:: TASK GOAL ::
Take the lines below beginning at the line that has "application config file." and stopping after the line that has "23일 오후 대전 한밭야구장에서", and print them exactly as they are, with no other lines.

(Records excerpted from a collection)
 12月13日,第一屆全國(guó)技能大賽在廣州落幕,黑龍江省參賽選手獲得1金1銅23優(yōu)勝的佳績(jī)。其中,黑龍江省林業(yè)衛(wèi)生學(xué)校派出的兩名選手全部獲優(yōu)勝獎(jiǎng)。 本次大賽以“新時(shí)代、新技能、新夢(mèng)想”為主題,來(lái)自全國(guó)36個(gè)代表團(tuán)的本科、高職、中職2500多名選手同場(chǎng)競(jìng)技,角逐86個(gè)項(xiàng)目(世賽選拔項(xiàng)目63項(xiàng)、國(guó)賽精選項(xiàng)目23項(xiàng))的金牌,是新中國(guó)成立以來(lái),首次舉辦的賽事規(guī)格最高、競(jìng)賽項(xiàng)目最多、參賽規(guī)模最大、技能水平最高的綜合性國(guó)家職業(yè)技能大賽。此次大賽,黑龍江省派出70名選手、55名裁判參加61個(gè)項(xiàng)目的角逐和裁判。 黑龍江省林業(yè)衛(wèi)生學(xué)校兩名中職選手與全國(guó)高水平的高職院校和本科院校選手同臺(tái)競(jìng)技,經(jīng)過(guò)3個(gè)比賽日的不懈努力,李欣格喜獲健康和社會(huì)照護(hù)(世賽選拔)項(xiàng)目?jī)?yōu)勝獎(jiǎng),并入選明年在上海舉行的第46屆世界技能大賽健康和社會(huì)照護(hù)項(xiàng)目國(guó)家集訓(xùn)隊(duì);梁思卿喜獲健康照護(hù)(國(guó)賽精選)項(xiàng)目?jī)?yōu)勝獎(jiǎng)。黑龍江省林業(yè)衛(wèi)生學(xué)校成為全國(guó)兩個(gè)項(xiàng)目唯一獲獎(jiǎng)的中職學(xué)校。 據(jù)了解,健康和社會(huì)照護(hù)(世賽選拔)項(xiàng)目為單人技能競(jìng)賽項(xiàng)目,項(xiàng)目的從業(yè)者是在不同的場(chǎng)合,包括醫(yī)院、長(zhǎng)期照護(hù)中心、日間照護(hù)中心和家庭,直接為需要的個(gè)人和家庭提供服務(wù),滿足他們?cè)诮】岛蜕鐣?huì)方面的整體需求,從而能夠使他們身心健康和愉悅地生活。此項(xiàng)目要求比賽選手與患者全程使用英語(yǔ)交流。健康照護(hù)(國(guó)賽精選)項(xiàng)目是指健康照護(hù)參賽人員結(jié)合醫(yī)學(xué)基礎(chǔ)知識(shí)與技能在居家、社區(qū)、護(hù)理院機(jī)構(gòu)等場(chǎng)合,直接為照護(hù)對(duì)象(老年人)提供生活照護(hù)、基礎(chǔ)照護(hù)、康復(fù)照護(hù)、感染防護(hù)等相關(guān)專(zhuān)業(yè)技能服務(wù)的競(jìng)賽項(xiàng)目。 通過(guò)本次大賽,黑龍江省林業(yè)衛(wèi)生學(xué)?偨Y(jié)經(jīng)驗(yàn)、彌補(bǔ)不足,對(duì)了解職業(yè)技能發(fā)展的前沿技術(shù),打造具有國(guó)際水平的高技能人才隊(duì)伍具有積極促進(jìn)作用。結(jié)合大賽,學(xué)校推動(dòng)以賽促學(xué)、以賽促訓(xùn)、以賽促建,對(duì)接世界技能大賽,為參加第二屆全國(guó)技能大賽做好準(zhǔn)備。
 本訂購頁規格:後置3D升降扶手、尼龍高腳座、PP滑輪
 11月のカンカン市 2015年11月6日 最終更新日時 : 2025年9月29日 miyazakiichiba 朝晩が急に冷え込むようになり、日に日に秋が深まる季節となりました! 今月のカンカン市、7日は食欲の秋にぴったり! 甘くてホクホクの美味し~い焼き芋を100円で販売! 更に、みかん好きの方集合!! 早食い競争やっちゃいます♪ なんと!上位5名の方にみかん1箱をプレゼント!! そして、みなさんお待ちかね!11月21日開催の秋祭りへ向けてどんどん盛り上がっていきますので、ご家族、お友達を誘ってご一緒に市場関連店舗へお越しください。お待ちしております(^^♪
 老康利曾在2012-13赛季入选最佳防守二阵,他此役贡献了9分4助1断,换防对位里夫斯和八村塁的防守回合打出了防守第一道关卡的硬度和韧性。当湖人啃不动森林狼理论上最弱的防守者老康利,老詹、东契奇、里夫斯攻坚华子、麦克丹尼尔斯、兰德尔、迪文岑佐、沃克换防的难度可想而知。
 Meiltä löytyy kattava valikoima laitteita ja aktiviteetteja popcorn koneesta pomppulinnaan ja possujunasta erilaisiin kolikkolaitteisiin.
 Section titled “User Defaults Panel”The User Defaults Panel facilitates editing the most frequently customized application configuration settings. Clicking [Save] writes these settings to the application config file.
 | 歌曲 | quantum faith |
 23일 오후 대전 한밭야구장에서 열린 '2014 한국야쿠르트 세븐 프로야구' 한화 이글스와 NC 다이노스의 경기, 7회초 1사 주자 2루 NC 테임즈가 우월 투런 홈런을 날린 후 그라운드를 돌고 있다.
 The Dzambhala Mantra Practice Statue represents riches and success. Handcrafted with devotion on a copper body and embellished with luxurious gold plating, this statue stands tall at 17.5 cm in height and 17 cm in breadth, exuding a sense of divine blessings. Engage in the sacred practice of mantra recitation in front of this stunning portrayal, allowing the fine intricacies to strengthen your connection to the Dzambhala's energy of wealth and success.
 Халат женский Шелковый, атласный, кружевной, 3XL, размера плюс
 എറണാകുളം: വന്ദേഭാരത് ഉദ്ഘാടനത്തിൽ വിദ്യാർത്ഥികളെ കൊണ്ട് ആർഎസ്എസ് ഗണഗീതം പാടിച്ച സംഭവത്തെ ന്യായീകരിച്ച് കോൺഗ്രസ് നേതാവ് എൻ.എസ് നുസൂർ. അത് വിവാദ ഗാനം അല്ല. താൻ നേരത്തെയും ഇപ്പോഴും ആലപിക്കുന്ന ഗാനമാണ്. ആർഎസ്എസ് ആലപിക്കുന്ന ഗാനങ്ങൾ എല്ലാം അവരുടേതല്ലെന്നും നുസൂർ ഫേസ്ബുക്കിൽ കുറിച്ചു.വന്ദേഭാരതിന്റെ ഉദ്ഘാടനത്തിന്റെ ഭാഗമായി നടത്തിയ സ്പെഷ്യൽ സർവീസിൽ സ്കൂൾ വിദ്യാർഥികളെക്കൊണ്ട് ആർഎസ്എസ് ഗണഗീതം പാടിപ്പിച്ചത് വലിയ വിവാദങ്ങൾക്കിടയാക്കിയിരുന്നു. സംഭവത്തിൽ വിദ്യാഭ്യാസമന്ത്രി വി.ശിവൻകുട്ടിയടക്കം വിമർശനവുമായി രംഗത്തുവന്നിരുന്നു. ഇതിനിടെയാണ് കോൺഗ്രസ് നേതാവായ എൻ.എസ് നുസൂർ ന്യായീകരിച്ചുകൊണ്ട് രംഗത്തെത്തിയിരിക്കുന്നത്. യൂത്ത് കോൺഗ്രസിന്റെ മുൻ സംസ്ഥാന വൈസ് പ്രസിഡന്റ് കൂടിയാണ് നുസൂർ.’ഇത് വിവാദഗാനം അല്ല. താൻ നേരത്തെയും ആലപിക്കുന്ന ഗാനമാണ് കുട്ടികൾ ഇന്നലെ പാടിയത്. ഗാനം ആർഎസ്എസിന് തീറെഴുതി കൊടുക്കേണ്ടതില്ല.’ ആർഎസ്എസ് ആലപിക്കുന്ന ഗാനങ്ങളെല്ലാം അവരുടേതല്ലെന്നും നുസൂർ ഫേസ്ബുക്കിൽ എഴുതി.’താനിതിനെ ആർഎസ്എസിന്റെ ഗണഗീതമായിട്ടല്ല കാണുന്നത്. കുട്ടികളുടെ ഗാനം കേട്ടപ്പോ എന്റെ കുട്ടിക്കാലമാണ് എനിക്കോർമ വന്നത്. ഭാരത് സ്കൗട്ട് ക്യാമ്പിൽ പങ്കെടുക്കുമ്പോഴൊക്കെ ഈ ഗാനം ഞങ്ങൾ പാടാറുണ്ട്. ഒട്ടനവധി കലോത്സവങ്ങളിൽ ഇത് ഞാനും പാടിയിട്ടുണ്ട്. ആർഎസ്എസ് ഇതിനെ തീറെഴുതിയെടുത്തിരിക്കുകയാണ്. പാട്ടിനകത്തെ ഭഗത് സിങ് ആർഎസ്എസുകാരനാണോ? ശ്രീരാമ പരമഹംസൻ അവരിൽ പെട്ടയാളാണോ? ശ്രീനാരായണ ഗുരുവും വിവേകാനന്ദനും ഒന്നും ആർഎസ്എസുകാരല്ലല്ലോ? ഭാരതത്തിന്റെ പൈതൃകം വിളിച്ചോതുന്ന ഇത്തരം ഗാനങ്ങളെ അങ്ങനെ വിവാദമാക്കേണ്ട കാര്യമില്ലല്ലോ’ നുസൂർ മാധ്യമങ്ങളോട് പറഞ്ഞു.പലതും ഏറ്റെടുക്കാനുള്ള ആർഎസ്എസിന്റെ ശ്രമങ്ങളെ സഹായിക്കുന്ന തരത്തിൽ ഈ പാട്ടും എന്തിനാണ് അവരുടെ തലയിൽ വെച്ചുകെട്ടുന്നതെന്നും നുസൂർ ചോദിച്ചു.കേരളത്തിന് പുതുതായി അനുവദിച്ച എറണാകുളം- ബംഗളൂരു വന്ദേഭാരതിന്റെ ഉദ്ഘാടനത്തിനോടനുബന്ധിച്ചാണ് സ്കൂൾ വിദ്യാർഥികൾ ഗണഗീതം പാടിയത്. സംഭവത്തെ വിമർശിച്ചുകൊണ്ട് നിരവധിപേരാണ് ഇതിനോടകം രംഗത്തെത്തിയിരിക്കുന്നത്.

:: EXERCISE RESPONSE ::
 Section titled “User Defaults Panel”The User Defaults Panel facilitates editing the most frequently customized application configuration settings. Clicking [Save] writes these settings to the application config file.
 | 歌曲 | quantum faith |
 23일 오후 대전 한밭야구장에서 열린 '2014 한국야쿠르트 세븐 프로야구' 한화 이글스와 NC 다이노스의 경기, 7회초 1사 주자 2루 NC 테임즈가 우월 투런 홈런을 날린 후 그라운드를 돌고 있다.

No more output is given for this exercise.